Ce numéro est composé d’un éditorial et de 4 articles :

  • Editorial : Réflexions sur le sixième rapport sur les morts maternelles en France, 2013-2015, Rohan D’ Souza et coll., Département d’obstétrique et de gynécologie, Université McMaster, Hamilton, Ontario, Canada
  • La mortalité maternelle en France, évolutions récentes et défis actuels résultats marquants de l’enquête nationale confidentielle sur les morts maternelles en France, 2013-2015, Monica Saucedo et coll., Université Paris Cité, Inserm, UMR 1153 Cress, Équipe de recherche en épidémiologie obstétricale périnatale et pédiatrique (Épopé), Paris

Le 6e rapport de l’Enquête nationale confidentielle sur les morts maternelles (ENCMM) apporte des enseignements sur la fréquence, les facteurs de risque, les causes, l’adéquation des soins et l’évitabilité des morts maternelles survenues en 2013-2015 en France. Si le ratio de mortalité maternelle (RMM) global reste stable, le profil des causes évolue : la mortalité par hémorragie obstétricale continue de diminuer ; les maladies cardiovasculaires et les suicides deviennent les deux causes les plus fréquentes de mort maternelle.

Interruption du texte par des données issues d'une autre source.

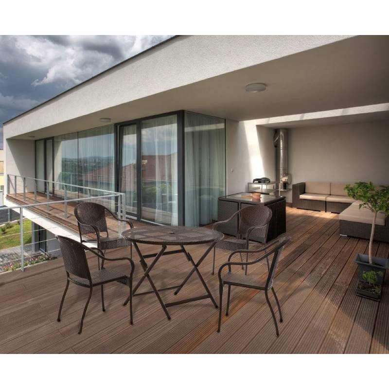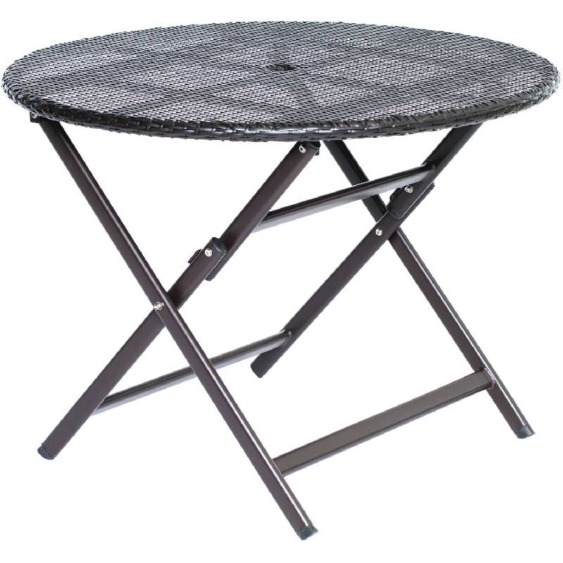 Create a pop-up dining room outdoors with the 40 in. dining table from the Orleans Collection. Perfect for smaller spaces, this elegant and compact 40 in. round table is the ideal spot for your friends and family to gather around. The table folds down into a thin profile, offering a convenient storage solution whenever you need it. All-weather resin is hand-woven across the table-top and supported by sturdy aluminum frames. This table will be the centerpiece to your outdoor dining experiences for years to come.

Ce profil met en lumière de nouvelles priorités, en rappelant que la santé maternelle ne se limite pas à la sphère obstétricale, ainsi que l’importance de la prévention et de l’éducation en santé pour les futures mères. Le  rapport montre la persistance d’inégalités sociales et géographiques de mortalité maternelle.

Ces inégalités concernent notamment les départements et régions d’outre-mer (DROM) : 1 décès maternel sur 7 survient dans les DROM, et le RMM est plus de trois fois supérieur à celui de la France métropolitaine (32 contre 9,5 décès/100 000 naissances vivantes). La surmortalité des femmes migrantes reste une réalité : 2,5 fois celle des femmes nées en France.

  • Analyse comparative des profils de mortalité maternelle entre pays européens avec système renforcé de surveillance, Catherine Deneux-Tharaux et coll., Université Paris Cité, Inserm, UMR 1153 Cress, Équipe de recherche en épidémiologie obstétricale périnatale et pédiatrique (Épopé), Paris

La mortalité maternelle demeure un indicateur clé de santé maternelle et de performance du système de soins maternels, même dans les pays riches, où elle est devenue rare. Les comparaisons entre pays peuvent mettre en lumière des profils communs ou des singularités, et alors révéler des mécanismes causaux et des pistes d’amélioration possibles. Les données de routine de mortalité ne permettent pas une caractérisation fiable des morts maternelles. Notre objectif était de comparer la mortalité maternelle entre pays européens dotés de dispositifs renforcés d’étude de cette mortalité.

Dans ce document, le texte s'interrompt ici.